* [YOUR OBJECTIVE]:
All of the data that follows is to be printed exactly, without pictures.

* [RECORDED INFORMATION]:
--- --- ---

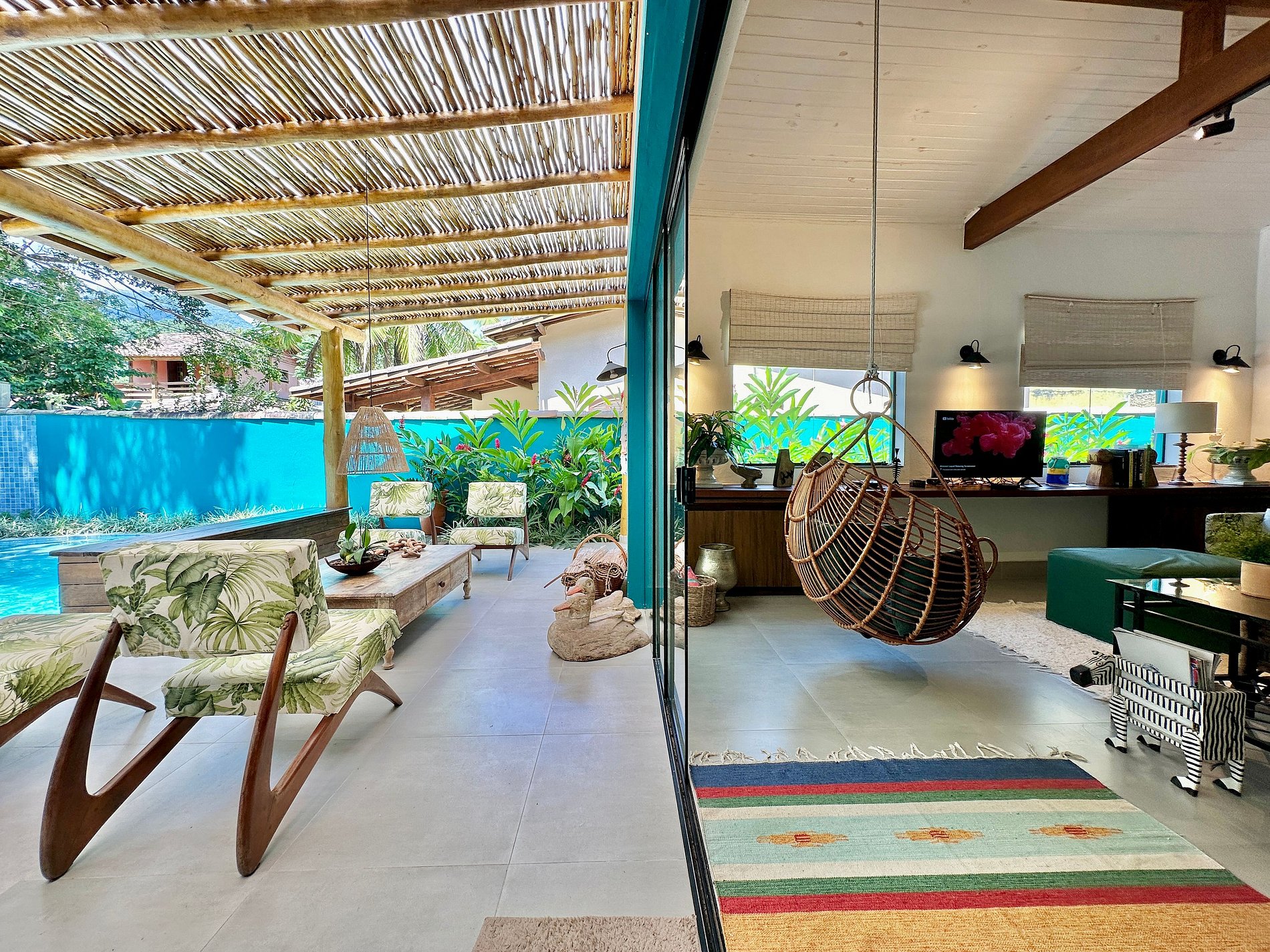 Imagine se hospedar com conforto e tranquilidade no centro de Ilhabela? Essa é a casa perfeita! Está no Perequê, a 500m da praia e a 6 minutos do centrinho do Perequê, onde estão bares, restaurantes e o shopping local. Ideal para 8 pessoas. São 4 suítes, todas com ar-condicionado. Área externa com bela varanda, churrasqueira, piscina e jardim. Área interna aconchegante, em ambiente integrado, com sala de estar, jantar, cozinha e uma decoração de muito bom gosto. Conta ainda com Wi-fi e Smart TV.
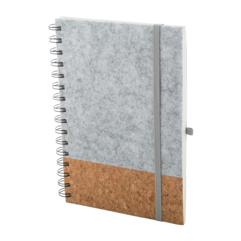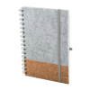 RPET filc és természetes parafa borítású jegyzetfüzet újrahasznosított papírból készült 70 vonalas lappal, gumipánttal és tolltartóval. A5 méretű.
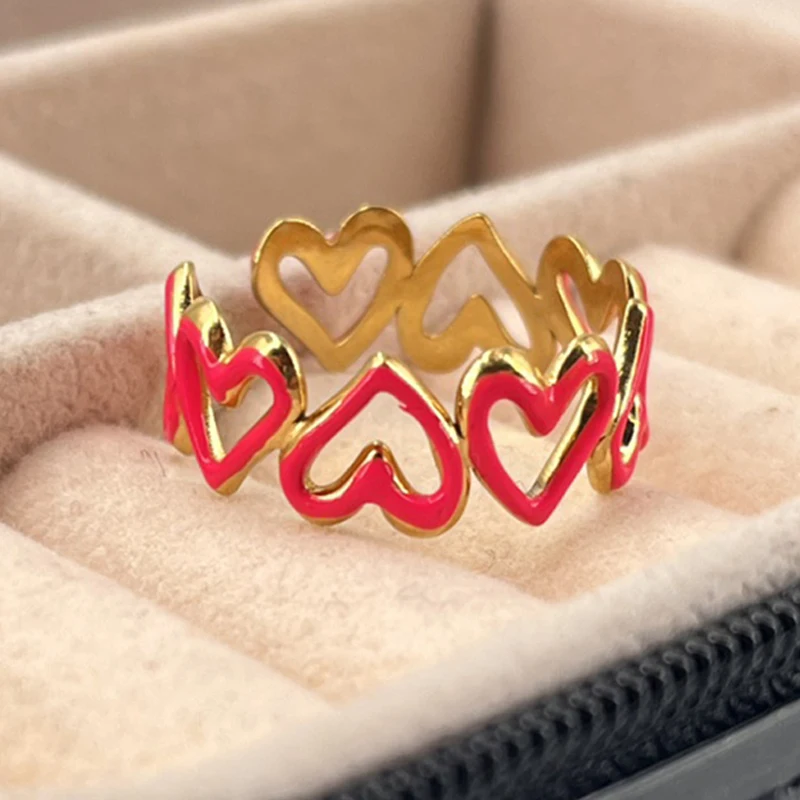 Boho Enamel Color Finger Rings for Women Stainless Steel Ring Hollow Heart Adjustable Open Rings Gold 14K Jewelry Gift for Women
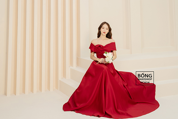 Mua ngay: Váy cưới phi nhật xoắn chân xòe đỏ VC834

--- --- ---

* [SOLUTION]:
 Imagine se hospedar com conforto e tranquilidade no centro de Ilhabela? Essa é a casa perfeita! Está no Perequê, a 500m da praia e a 6 minutos do centrinho do Perequê, onde estão bares, restaurantes e o shopping local. Ideal para 8 pessoas. São 4 suítes, todas com ar-condicionado. Área externa com bela varanda, churrasqueira, piscina e jardim. Área interna aconchegante, em ambiente integrado, com sala de estar, jantar, cozinha e uma decoração de muito bom gosto. Conta ainda com Wi-fi e Smart TV.
 RPET filc és természetes parafa borítású jegyzetfüzet újrahasznosított papírból készült 70 vonalas lappal, gumipánttal és tolltartóval. A5 méretű.
 Boho Enamel Color Finger Rings for Women Stainless Steel Ring Hollow Heart Adjustable Open Rings Gold 14K Jewelry Gift for Women
 Mua ngay: Váy cưới phi nhật xoắn chân xòe đỏ VC834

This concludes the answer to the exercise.